**Exercise brief**
Please print exactly the lines from the line containing "Radio Białystok |" through the end of the data, no more, and keep pictures out of the copy.

**Supplied entries**
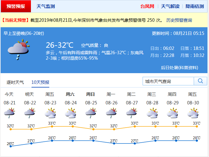 见圳客户端·深圳新闻网2019年8月21日讯(见圳客户端·深圳新闻网记者 高畅韵)记者从市气象局了解到,昨日我市白天最高气温31 ℃ -33 ℃,中北部最高气温达到35 ℃。今日多云,有(雷)阵雨;22-24日多云间晴天,局部有短时(雷)阵雨,部分地区最高气温可达35 ℃左右;25-26日有(雷)阵雨,气温有所回落。
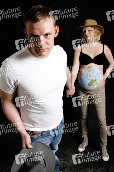 Bodypainting, Erotik, Frau, Mann, fast nackt, drinnen, weiblich, männlich, Körperkunst, Kunst, Malerei, Paar, schwanger, Bauch, erotic, woman, man, nude, indoor, female, body art, body painting, pregnant, couple
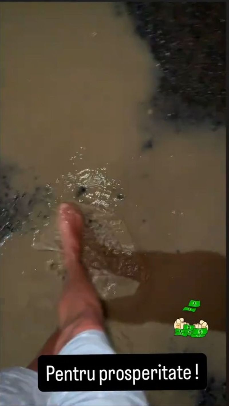 Armin Nicoară i-a urmat sfatul așa că, îmbrăcat doar într-o geacă și o pereche de pantaloni scurți, acesta a stat ore întregi cu picioarele în bălțile formate și a dezvăluit și ce s-a întâmplat în viața sa de curând pentru că a urmat sfaturile bunicii sale:
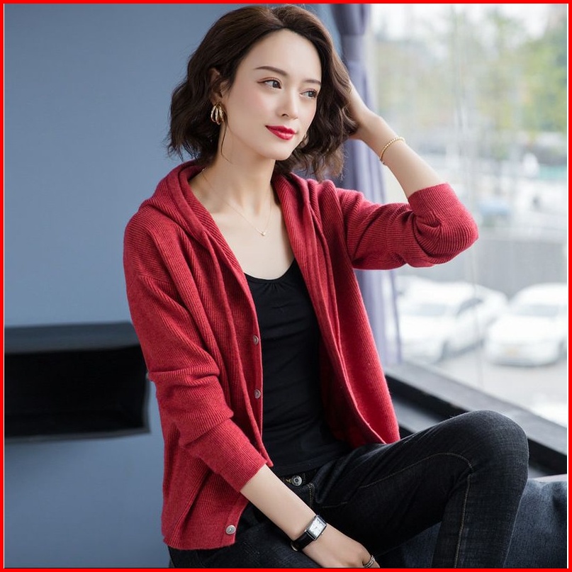 Cardigan Hoodie Kancing Knit Tm Lm2
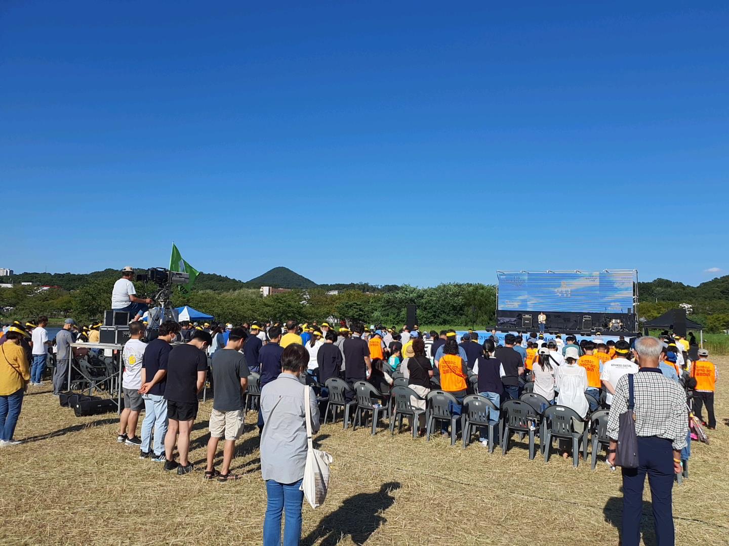 치어리딩 공연이 마무리된 뒤, 참석자 모두가 묵념을 통해 세월호참사를 기리는 시간을 가졌습니다.
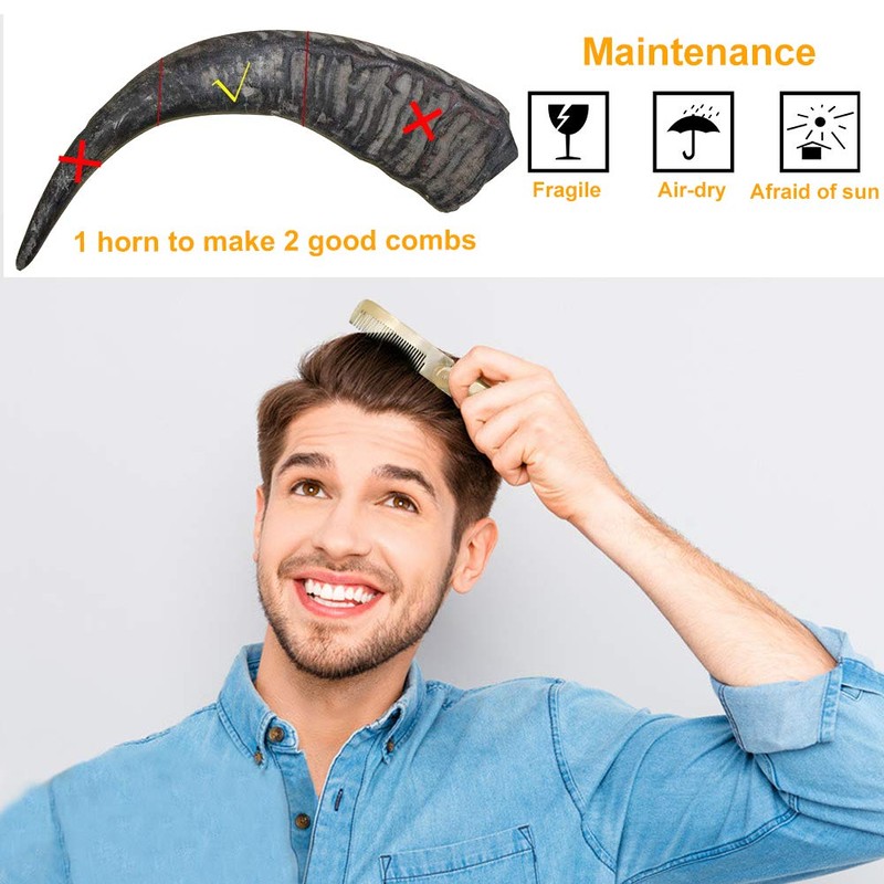 • Natural yak horns material: made of natural yak horns, smooth and comfortable, beautiful for hair and beard care. (Tips:Real horn combs maybe have a slight smell. If you do not like the smell, please wash it with soap and cold water, then air dry, avoid being exposed to the sun.)
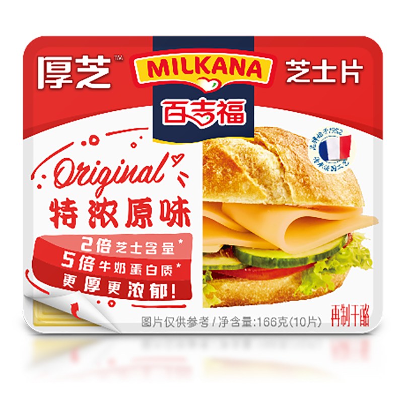 百吉福(MILKANA) 厚芝芝士片奶酪 特浓原味 166克/10片装 冷藏 即食 早餐烘焙
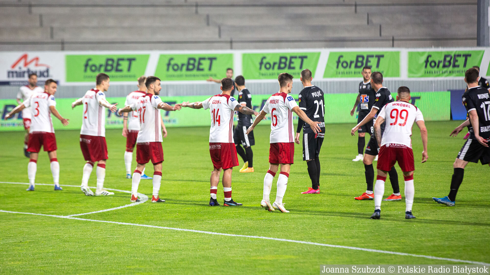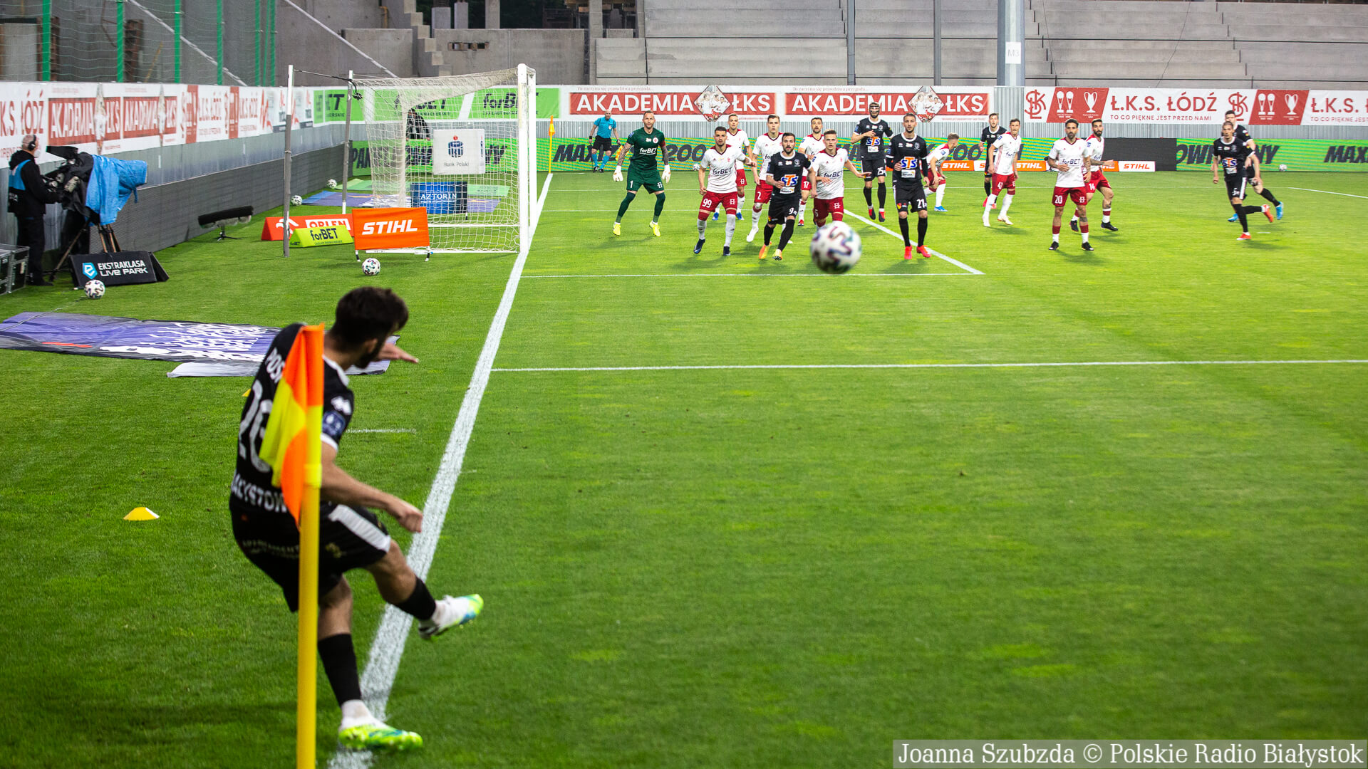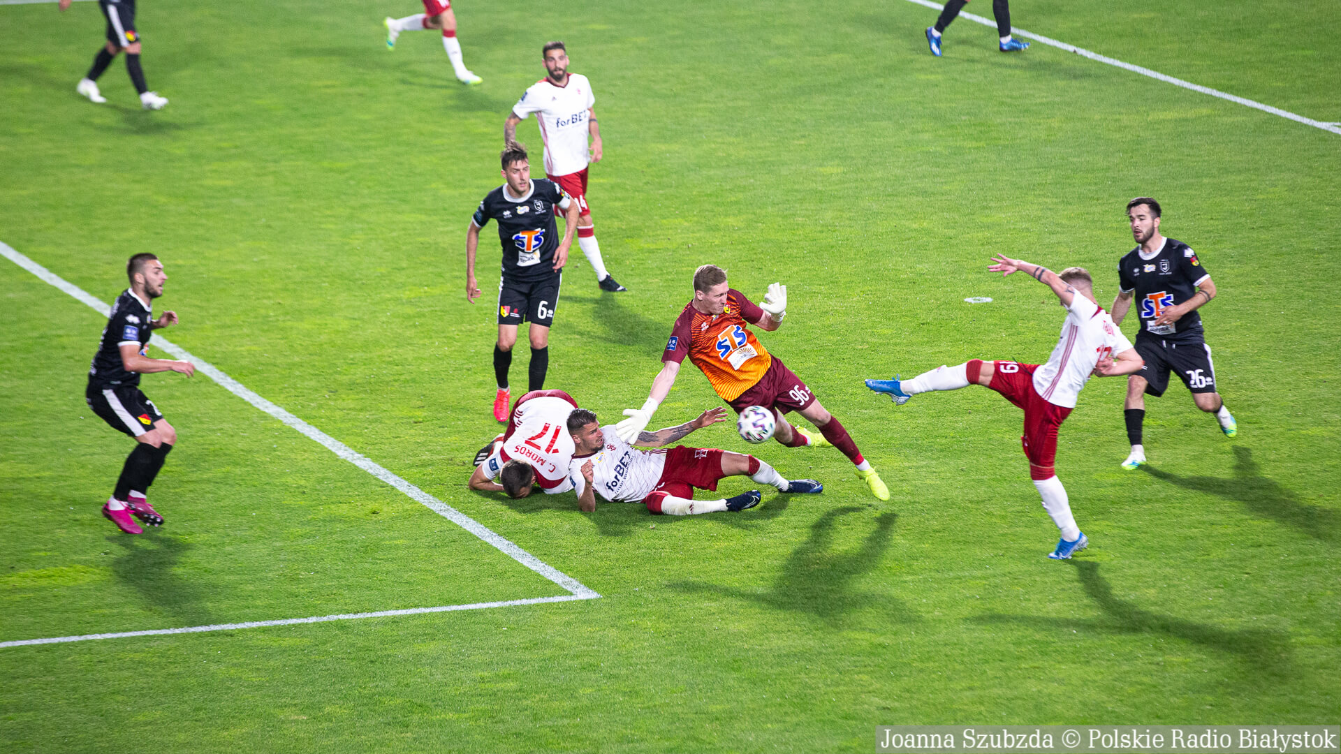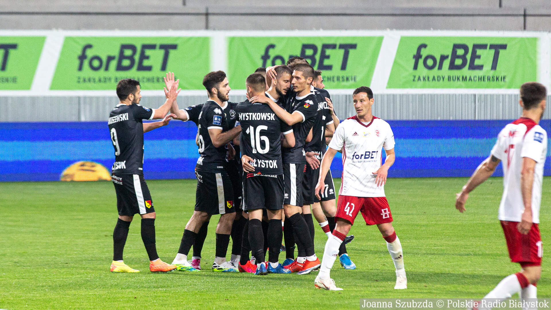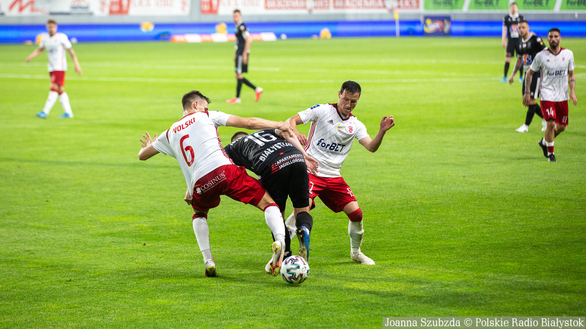 Radio Białystok | Wiadomości | Wiadomości - Jagiellonia Białystok pewnie wygrywa w Łodzi i zapewnia sobie miejsce w pierwszej ósemce tabeli [zdjęcia]
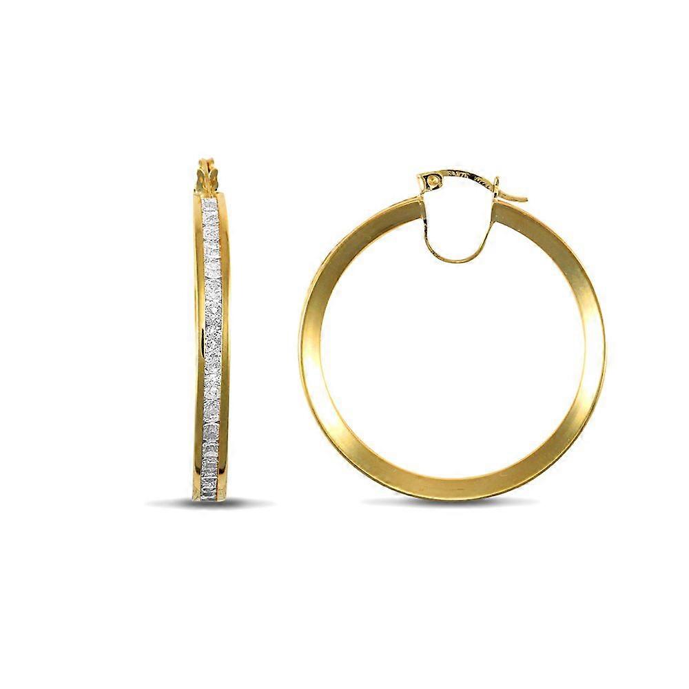 Jewelco London Ladies 9ct Yellow Gold White Round Brilliant Cubic Zirconia Eternity 4mm Hoop Earrings 35mm
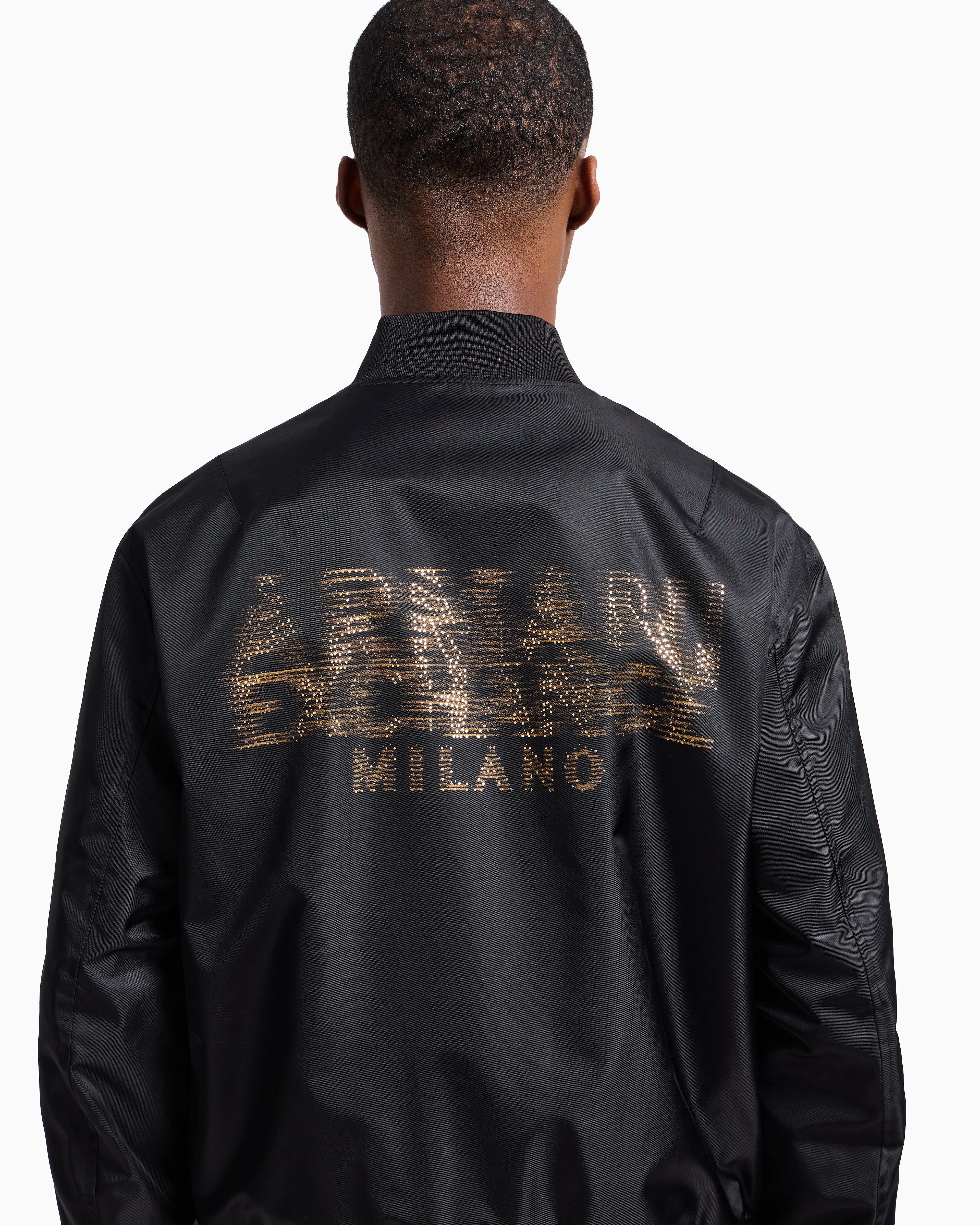 Elevate your style with the A|X Black & Gold Collection Jacket. Crafted from sleek nylon, it features a full zip, zipped pockets, and a striking golden macro AX logo on the back. A perfect fusion of luxury and modern design for a bold statement look.
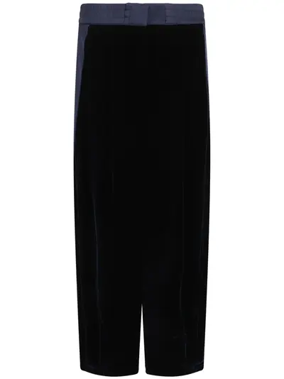 midnight blue velvet hook and zip fly fastening elasticated waistband contrasting panel detail two side slash pockets unlined elasticated hem wide leg
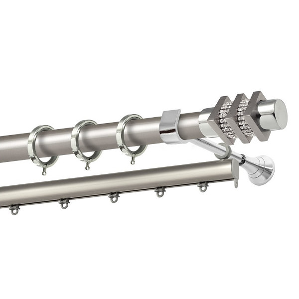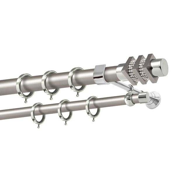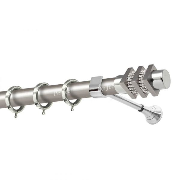 Μεταλλική κουρτινόβεργα Σκιάθος Strass της εταιρείας Perfect, χρώματος Ματ Νίκελ, σε μονή βέργα, διπλή βέργα ή διπλή με σιδηρόδρομο σε διάφορες διαστάσεις. Η διάμετρος της βέργας είναι Ø25mm και περιλαμβάνει έως 3 στηρίγματα ανάλογα με την διάσταση.
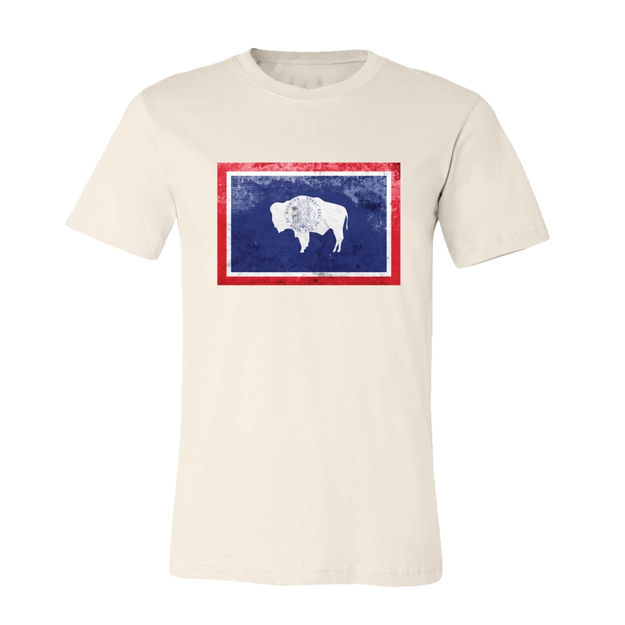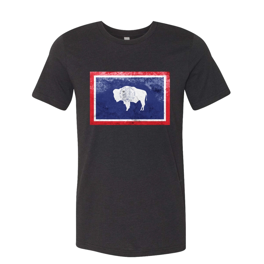 - Distressed Wyoming Flag Graphic: Features a vintage, worn-in Wyoming flag design that adds a rustic, classic touch to any look.

**Your response**
 Radio Białystok | Wiadomości | Wiadomości - Jagiellonia Białystok pewnie wygrywa w Łodzi i zapewnia sobie miejsce w pierwszej ósemce tabeli [zdjęcia]
 Jewelco London Ladies 9ct Yellow Gold White Round Brilliant Cubic Zirconia Eternity 4mm Hoop Earrings 35mm
 Elevate your style with the A|X Black & Gold Collection Jacket. Crafted from sleek nylon, it features a full zip, zipped pockets, and a striking golden macro AX logo on the back. A perfect fusion of luxury and modern design for a bold statement look.
 midnight blue velvet hook and zip fly fastening elasticated waistband contrasting panel detail two side slash pockets unlined elasticated hem wide leg
 Μεταλλική κουρτινόβεργα Σκιάθος Strass της εταιρείας Perfect, χρώματος Ματ Νίκελ, σε μονή βέργα, διπλή βέργα ή διπλή με σιδηρόδρομο σε διάφορες διαστάσεις. Η διάμετρος της βέργας είναι Ø25mm και περιλαμβάνει έως 3 στηρίγματα ανάλογα με την διάσταση.
 - Distressed Wyoming Flag Graphic: Features a vintage, worn-in Wyoming flag design that adds a rustic, classic touch to any look.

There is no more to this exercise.